Exercise aim —
Pictures aside, print all of the data below exactly as written.

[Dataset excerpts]
—————

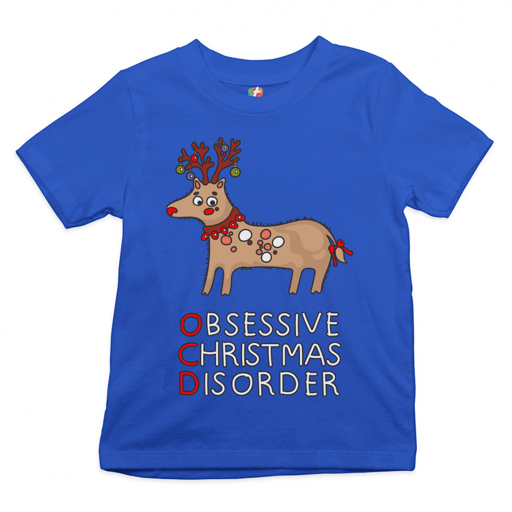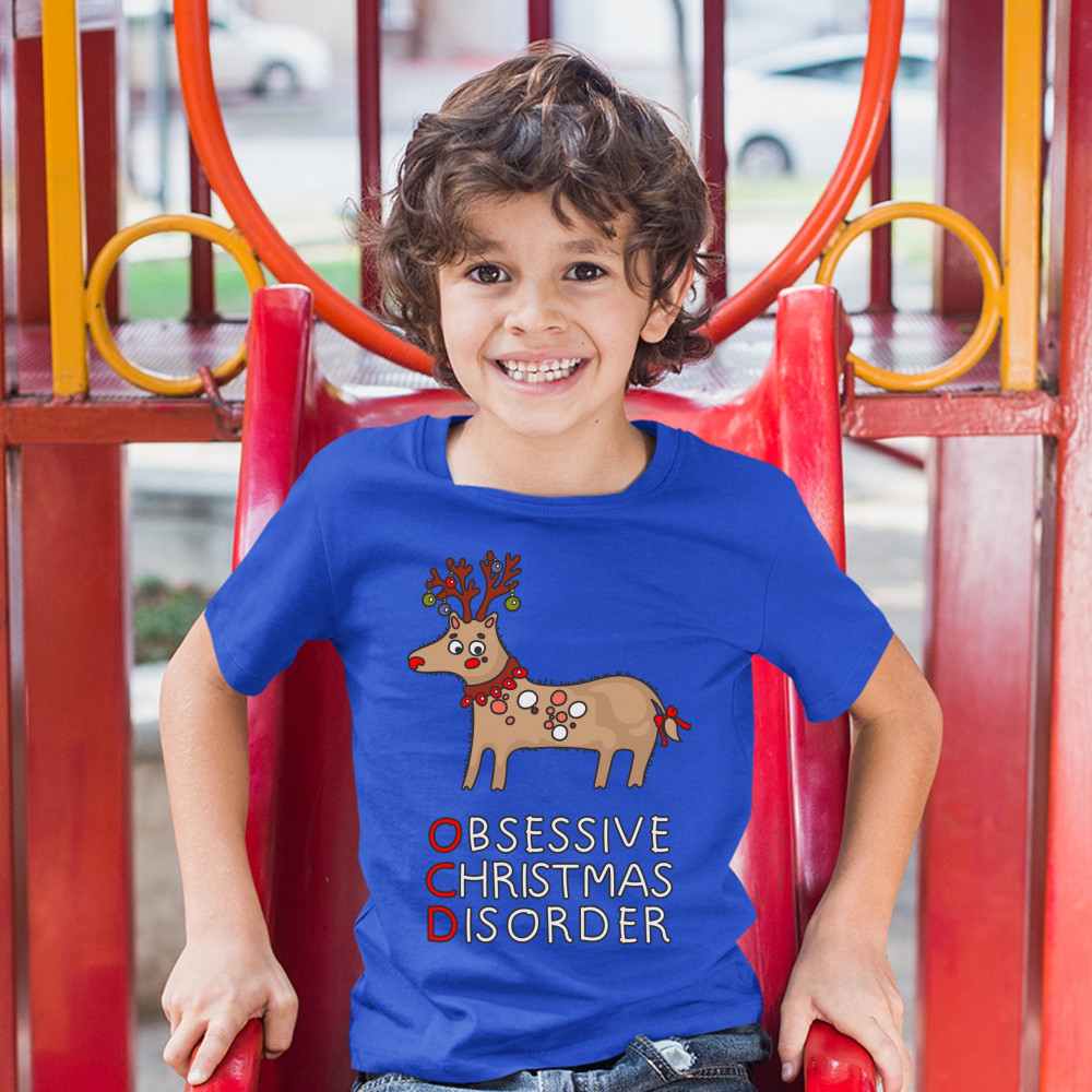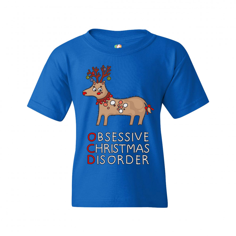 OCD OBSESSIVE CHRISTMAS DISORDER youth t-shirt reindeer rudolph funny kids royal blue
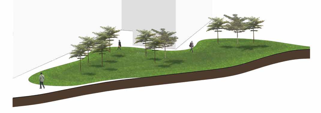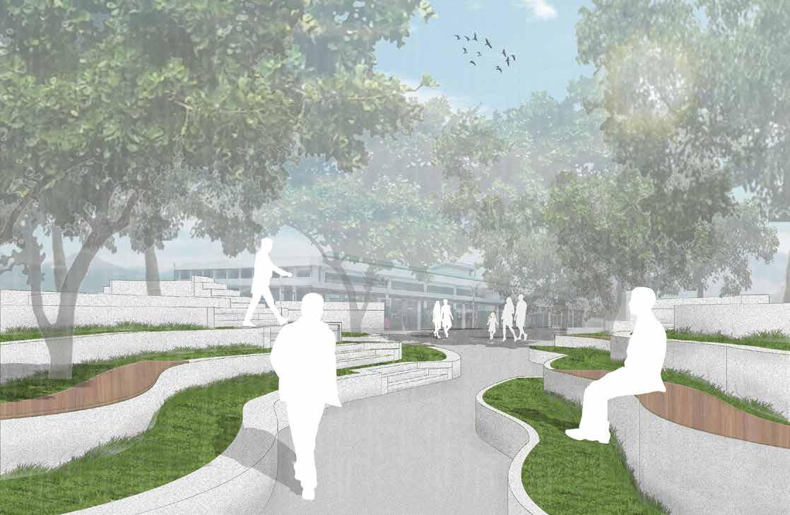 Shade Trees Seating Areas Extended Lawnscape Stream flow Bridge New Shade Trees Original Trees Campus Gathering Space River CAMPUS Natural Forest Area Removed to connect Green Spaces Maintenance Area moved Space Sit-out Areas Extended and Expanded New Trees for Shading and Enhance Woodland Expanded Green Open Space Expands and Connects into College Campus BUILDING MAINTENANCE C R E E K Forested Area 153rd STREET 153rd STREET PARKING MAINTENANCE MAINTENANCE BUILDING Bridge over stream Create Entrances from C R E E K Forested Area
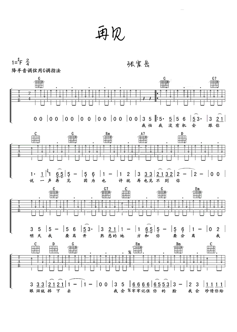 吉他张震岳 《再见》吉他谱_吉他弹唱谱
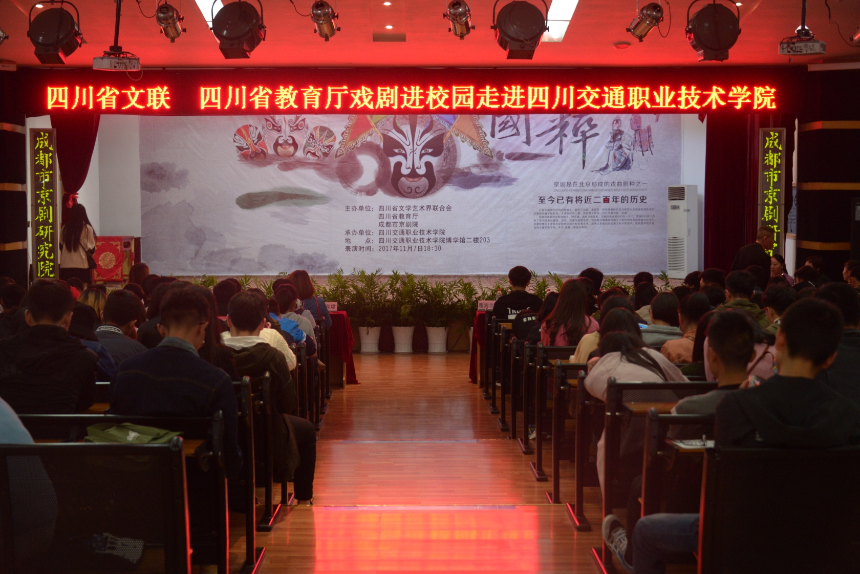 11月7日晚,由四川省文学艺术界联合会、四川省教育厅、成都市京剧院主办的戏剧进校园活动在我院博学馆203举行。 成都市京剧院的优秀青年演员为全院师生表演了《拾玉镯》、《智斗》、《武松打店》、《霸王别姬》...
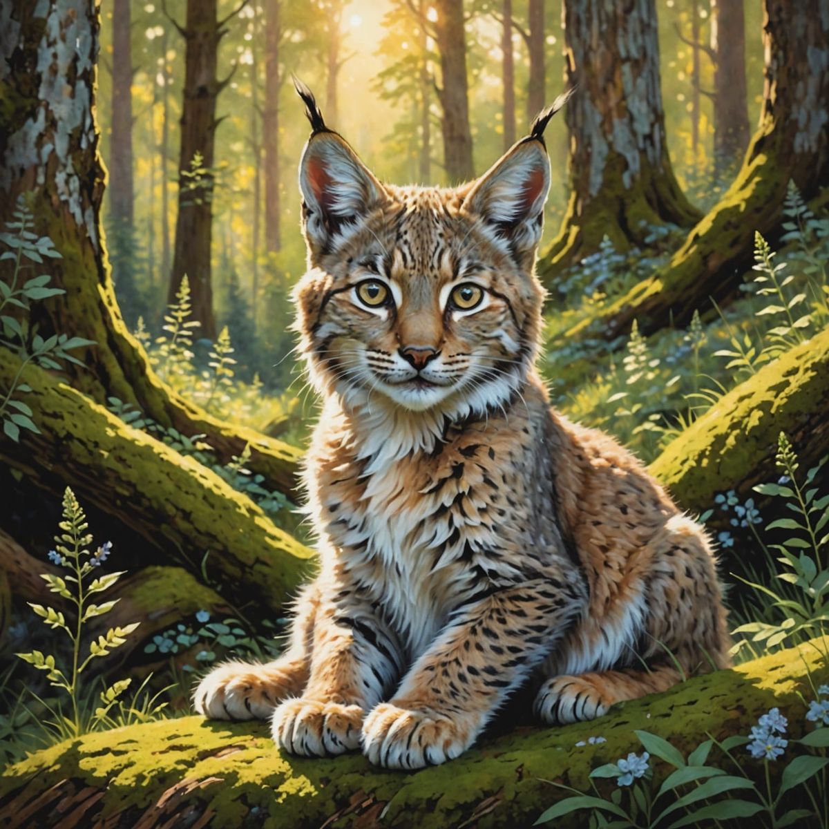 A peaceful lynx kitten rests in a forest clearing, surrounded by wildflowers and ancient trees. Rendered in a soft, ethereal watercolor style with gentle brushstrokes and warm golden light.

—————

Answer space —
 OCD OBSESSIVE CHRISTMAS DISORDER youth t-shirt reindeer rudolph funny kids royal blue
 Shade Trees Seating Areas Extended Lawnscape Stream flow Bridge New Shade Trees Original Trees Campus Gathering Space River CAMPUS Natural Forest Area Removed to connect Green Spaces Maintenance Area moved Space Sit-out Areas Extended and Expanded New Trees for Shading and Enhance Woodland Expanded Green Open Space Expands and Connects into College Campus BUILDING MAINTENANCE C R E E K Forested Area 153rd STREET 153rd STREET PARKING MAINTENANCE MAINTENANCE BUILDING Bridge over stream Create Entrances from C R E E K Forested Area
 吉他张震岳 《再见》吉他谱_吉他弹唱谱
 11月7日晚,由四川省文学艺术界联合会、四川省教育厅、成都市京剧院主办的戏剧进校园活动在我院博学馆203举行。 成都市京剧院的优秀青年演员为全院师生表演了《拾玉镯》、《智斗》、《武松打店》、《霸王别姬》...
 A peaceful lynx kitten rests in a forest clearing, surrounded by wildflowers and ancient trees. Rendered in a soft, ethereal watercolor style with gentle brushstrokes and warm golden light.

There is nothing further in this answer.